Suppose for a moment that a police officer suffering from diabetes were to donate a skin cell from his arm, and we took the nucleus of that skin cell (which contains his DNA) and placed it inside a woman’s egg, after we had taken out her egg’s own nucleus. In other words, a kind of “nucleus swap”. The expression that scientists use is “nuclear transfer”. This is what cloning is all about. Even though no sperm is involved, the egg-­with-a-new-nucleus now divides and grows normally as a human embryo, a new human being. This embryo is special, however, because it would have the same genes, and be the identical twin brother of the police officer. It would be a very young clone of the officer, and if that embryo were implanted into a woman’s uterus, it could become a live-born cloned baby. But if that tiny little embryo at the beginning were denied the safe harbor of a woman’s uterus to grow in, and the embryo was instead destroyed to extract its stem cells, scientists could get immune-matched cells for the potential benefit of treating the police officer’s diabetes. The reason they would be immune-matched cells, tailored to the police officer, would be that they came from his own identical twin brother. It turns out that identical twins can exchange organs (like kidneys) between each other without rejecting those organs. So the stem cells from his embryonic twin brother, in theory, could be introduced into his body without being rejected. The moral problem here, of course, is that you create your own twin brother (or twin sister if you are a woman) precisely in order to kill them when they are very young for their desired stem cells.

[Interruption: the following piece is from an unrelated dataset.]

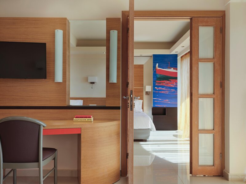 modern szobák légkondicionálóval, műholdas TV-vel, mini hűtőszekrénnyel, széffel, WiFi-vel (beleértve), hajszárítóval, WC-vel és erkéllyel felszereltek. Kétágyas hálószoba, fürdőszoba káddal és részleges kilátás a tengerre. A családi szobák valamivel tágasabbak, nemrégiben felújítottak és zuhanyzós fürdőszobával, további hálószobával és külön WC-vel rendelkeznek. Oldalsó kilátás a tengerre.
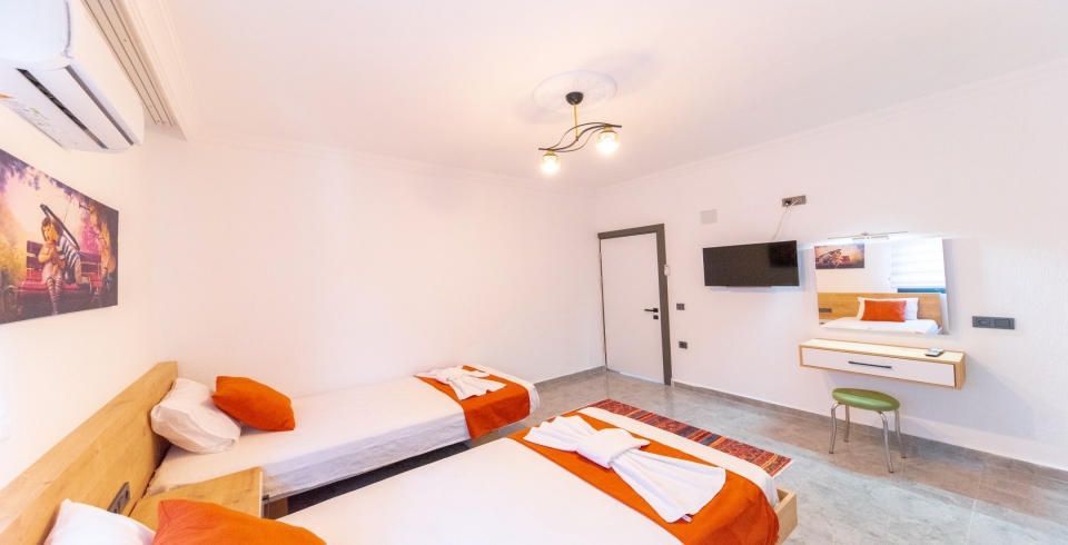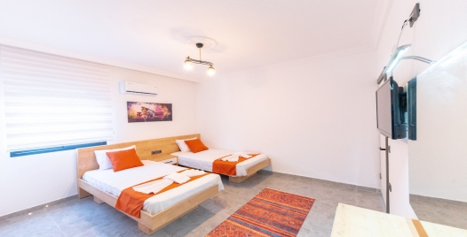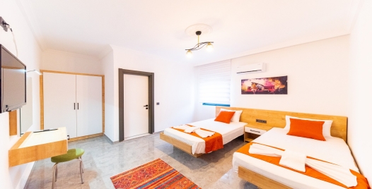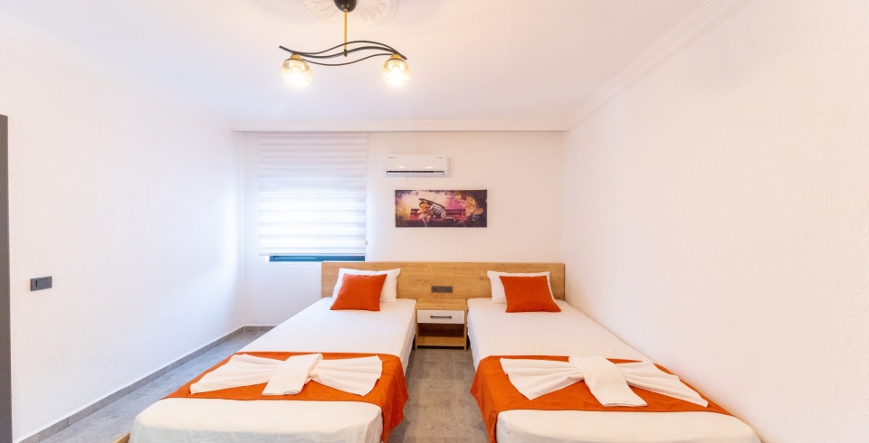 2.Yatak Odası: 2 adet tek kişilik yatak, elbise dolabı, komodin, klima, makyaj masası, TV, banyo ve lavabo bulunmaktadır.

If OAR were successful, it would avoid this moral problem. Instead of creating your own identical twin brother (or sister) for the purposes of strip-mining their stem cells, OAR would seek to directly make pluripotent stem cells through the same series of steps as cloning. The big difference would happen at the very beginning of the process, when special genetic changes would be made in the DNA of the police officer’s skin cell. These changes involve turning on special master genes that direct a cell to be pluripotent, or highly flexible, like a stem cell, rather than totipotent, or completely flexible, like an embryo.

So when the “nucleus swap” would occur, the new cell would now become a kind of stem cell, rather than an embryo. In other words, the woman’s egg would never be activated to form a human being. Since OAR stem cells would not be derived from embryos, and would not be embryos themselves, it would be morally permissible to culture and grow them or manipulate them in the lab as needed, in an attempt to come up with new therapies for patients.

So the advantage with the OAR stem cells would be the same as for cloning, namely, that the stem cells that resulted from OAR would be immune-matched to the police officer, and in theory should not be rejected by his body if they were transplanted into him. OAR still remains a conceptual proposal, but studies are being undertaken to look at the procedure in animals, to determine whether it is technically feasible, and to assure that it can be done without making embryos and without crossing any moral lines.

It may turn out in the future that  umbilical cord and other types of adult stem cells will not be able to provide treatments for every disease, while embryonic-type stem cells may end up being able to work in some cases. If this does happen, and we have been proactive in examining and encouraging morally acceptable alternatives to getting pluripotent stem cells without destroying embryos, we will all be better off if, and when, that day comes.